I ran a 2HP Bridgeport with a static converter for many years and it never
felt low on power even though we often took some pretty big cuts in steel,
but with only half that power I think it would have been an issue.

However, if you can squeeze up the extra dough I would strongly consider
buying a VFD for the mill instead of a static converter or rotary
converter. VFD's rated for 1HP are pretty affordable. See
www.dealerselectric.com for some pricing.

In addition to giving you true 3 phase from single phase input you'll also
get speed control and controlled braking and reversing if you buy the
optional braking resistor. If you have a step pulley mill this is a great
enhancement. I have a VFD on my 2HP Bridgeport step pulley clone and I
hardly every change the pulley setting and I never have to use the manual
brake anymore. The controlled reversing is great for power tapping.


Electric braking is a little tough on the motor/windings, no?
----------------------------
Mr. P.V.'d
formerly Droll Troll

Good luck-

Paul T.




JB March 20th 05 06:44 PM

Paul,

Thanks for the input. Marty and seberal others recommended the same dealer.
I went to the web site and I am a little confused as to which model I should
buy. Do i need to but an electrical box to install the unit in? Does it get
mounted on the mill?

Thanks again for all your help.

Joe...
"Paul T." wrote in message
...
I have been online Googling pahse converters. Will a static phase
converter be adequate for a 1 HP Bridgeport mill or should I go with a
rotary phase converter?


The static phase converter will work, but you'll be a little light on
power, particularly since you already only have 1 HP. With static
converters the motors run at 2/3's of the full rating. If you only doing
work that doesn't need heavy cuts, you'll be ok, but if you need to make
some serious cuts you could have problems.

I ran a 2HP Bridgeport with a static converter for many years and it never
felt low on power even though we often took some pretty big cuts in steel,
but with only half that power I think it would have been an issue.

However, if you can squeeze up the extra dough I would strongly consider
buying a VFD for the mill instead of a static converter or rotary
converter. VFD's rated for 1HP are pretty affordable. See
www.dealerselectric.com for some pricing.
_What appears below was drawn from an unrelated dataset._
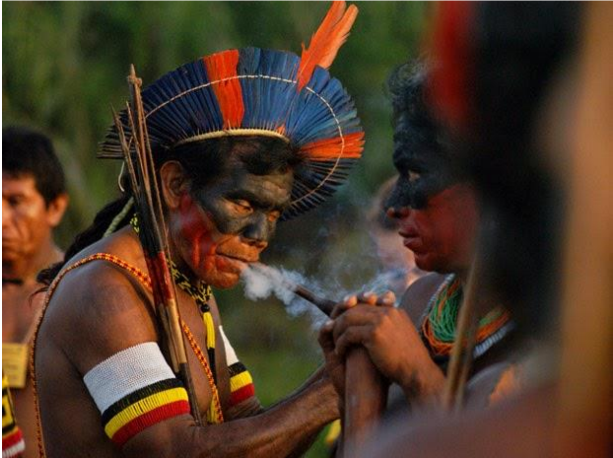
Illustration 3 : Indien pratiquant la pajelança au moyen d'une fumigation 5

In addition to giving you true 3 phase from single phase input you'll also
get speed control and controlled braking and reversing if you buy the
optional braking resistor. If you have a step pulley mill this is a great
enhancement. I have a VFD on my 2HP Bridgeport step pulley clone and I
hardly every change the pulley setting and I never have to use the manual
brake anymore. The controlled reversing is great for power tapping.

Good luck-

Paul T.




Gunner March 20th 05 07:16 PM

On Sun, 20 Mar 2005 13:02:29 -0500, "JB"
wrote:

Hi guys,

I have been online Googling pahse converters. Will a static phase converter
be adequate for a 1 HP Bridgeport mill or should I go with a rotary phase
converter? Currently, all my tools including my SB Heavy 10 are single
phase.

Thanks for the help.

Joe...

JB..Id go with a rotary...simply for the fact you may well wind up
with other 3 ph machine tools in the future. And the Statics do NOT
deliver full power to the machine.

On the other hand....rather than going with either, unless you want to
build a cheap RPC, Id hunt around for a 3hp VFD, and utilize the far
nicer ability to have virtually infinite speed ranges, instant reverse
for tapping, and so forth. And with the 3hp VFD...it can be run at
full power on single phase..it will make up the third leg just like
the converters.

Just my .02USD

Gunner

Every normal man must be tempted, at times, to spit on his hands, hoist the black flag, and begin slitting throats.
H. L. Mencken

JB March 20th 05 07:34 PM

Thanks Gunner. With the advice I have received from some of the members of
the group, I am leaning towards VFD.

Thaks.

For the help.

Joe...
"Gunner" wrote in message
...
On Sun, 20 Mar 2005 13:02:29 -0500, "JB"
wrote:

Hi guys,

I have been online Googling pahse converters. Will a static phase
converter
be adequate for a 1 HP Bridgeport mill or should I go with a rotary phase
converter? Currently, all my tools including my SB Heavy 10 are single
phase.

Thanks for the help.

Joe...

JB..Id go with a rotary...simply for the fact you may well wind up
with other 3 ph machine tools in the future. And the Statics do NOT
deliver full power to the machine.

On the other hand....rather than going with either, unless you want to
build a cheap RPC, Id hunt around for a 3hp VFD, and utilize the far
nicer ability to have virtually infinite speed ranges, instant reverse
for tapping, and so forth. And with the 3hp VFD...it can be run at
full power on single phase..it will make up the third leg just like
the converters.

Just my .02USD

Gunner

Every normal man must be tempted, at times, to spit on his hands, hoist
the black flag, and begin slitting throats.
H. L. Mencken




Gunner March 20th 05 07:41 PM

On Sun, 20 Mar 2005 13:33:36 -0500, "Proctologically Violated©®"
wrote:



"Paul T." wrote in message
.. .
I have been online Googling pahse converters. Will a static phase
converter be adequate for a 1 HP Bridgeport mill or should I go with a
rotary phase converter?


The static phase converter will work, but you'll be a little light on
power, particularly since you already only have 1 HP. With static
converters the motors run at 2/3's of the full rating. If you only doing
work that doesn't need heavy cuts, you'll be ok, but if you need to make
some serious cuts you could have problems.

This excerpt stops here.